Of course, I had to have it. 1988 was the election I imprinted on: I remember that on the day of the first Democratic debate, 01 July 1987, I was thirteen years old and on vacation with my family at the Hotel Intercontinental of San Diego, and at 3pm I tuned the TV to PBS and was just enthralled. It's also perhaps the purest of American elections in that it wasn't really about anything — Bush's team managed to turn it into, as Jerry Seinfeld might put it, an Election About Nothing, all sideshow, no show. And here was over a thousand pages of this stuff! Once the book arrived I basically inhaled it.
Of the fourteen major presidential candidates that cycle (let's see if I can do this from memory — Democrats: Babbitt Biden Dukakis Gore Gephardt Jackson Simon and Hart; Republicans: Bush Dole Kemp Robertson DuPont and Haig) Cramer focuses on six, those who according to Cramer actually thought at some point that they were going to win this thing: George Bush, Bob Dole, Gary Hart, Mike Dukakis, Joe Biden, and Dick Gephardt. The reason the book is so long is that Cramer essays a full biography on each of these people, including complete chapters detailing the life stories of each of their parents, even a few of their grandparents. While Cramer does pay no small amount of attention to each of these candidates' limitations, for the most part his portraits are surprisingly sympathetic; often, his project seems to be to show just how much more complex these six men are than the press has made them out to be, to trace the thought processes leading up to each of Bush's malapropisms, Dole's venomous barbs, Hart's evasions, and they seem so goshdarn understandable that the press comes off like a bunch of heels (or worse) for not being able to see through the candidates' eyes. (All the more curious, then, that when it comes to the candidates he's not covering, Cramer goes straight for the caricature — Al Gore in particular gets kneed in the proverbial groin every time he appears.)

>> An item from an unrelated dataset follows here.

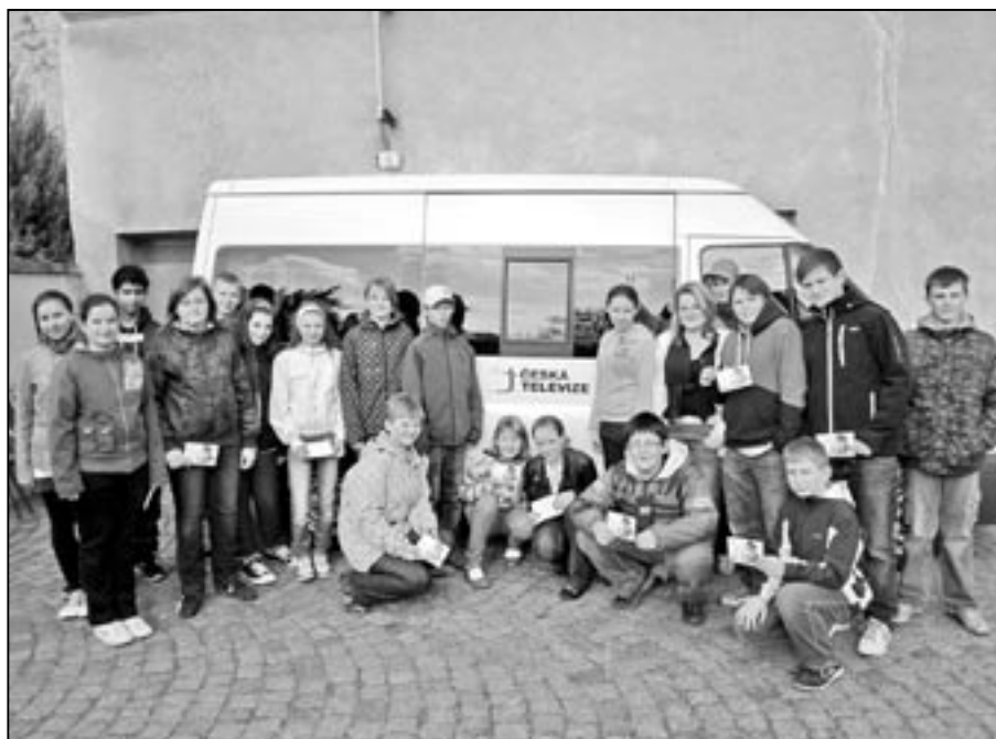
Chlapci a dívky ze třídy 7. B budou k vidění na televizních obrazovkách 2. května 2012 od 17:30 h. na ČT2 v rámci Planety YÓ.

Of course, after 1051 pages, even the most nuanced characterization begins to feel like caricature. At first, the sharp distinctions Cramer draws are welcome, as they help to keep his cast straight: Bush is the genteel son of privilege who's been taught to be self-effacing, Not That Way, supremely gifted in one area — making friends, networking — and comfortable in the Secret Service bubble; Dukakis is the policy wonk, certain that he's Correct in all things and more convinced of his Correctness the fewer people agree with him; Gephardt is the listener who agrees with everything people tell him; etc. But the thousandth time you see Gephardt compared to the RCA dog, the millionth time you see Cramer's rendition of Dukakis-speak (I'm the kinda guy who'll run the kinda campaign...), the billionth time you see Cramer's Dole start a sentence with "Agh," you want to shout, "Enough with the mannerisms, already!" And Cramer's own mannerisms are the worst of all — constantly referring to the press as "big-feet" and the Boston press in particular as "diddybops," starting most every chapter in medias res and only filling in the reader as to which candidate is being discussed somewhere in the second paragraph... in a 500-page book it might not have been irksome. In a 1051-page book, yeah, it gets old.
Most curious of all, not one of these 1051 pages is devoted to what went on between the conventions and Election Day 1988. As page 850 came and went without the narrative having even reached the fricking Iowa caucus, I knew something was up, and sure enough, once it's down to Bush and Dukakis, Cramer calls it quits. No "kinder, gentler nation," no "read - my - lips," no "you're no Jack Kennedy." Detailing the actual events of Campaign '88 is not Cramer's project. Cramer's project is to get to the heart of, well, What It Takes to successfully run for president. And the answer, it turns out, is the willingness to live entirely in the bubble, to put nothing — not family, not ideas, not honor, nothing — ahead of the quest to be elected president. This is not the first indictment I'd make against the US electoral process — the simple math problem of the plurality system is damning enough — but Cramer certainly makes a convincing case for putting it up near the top.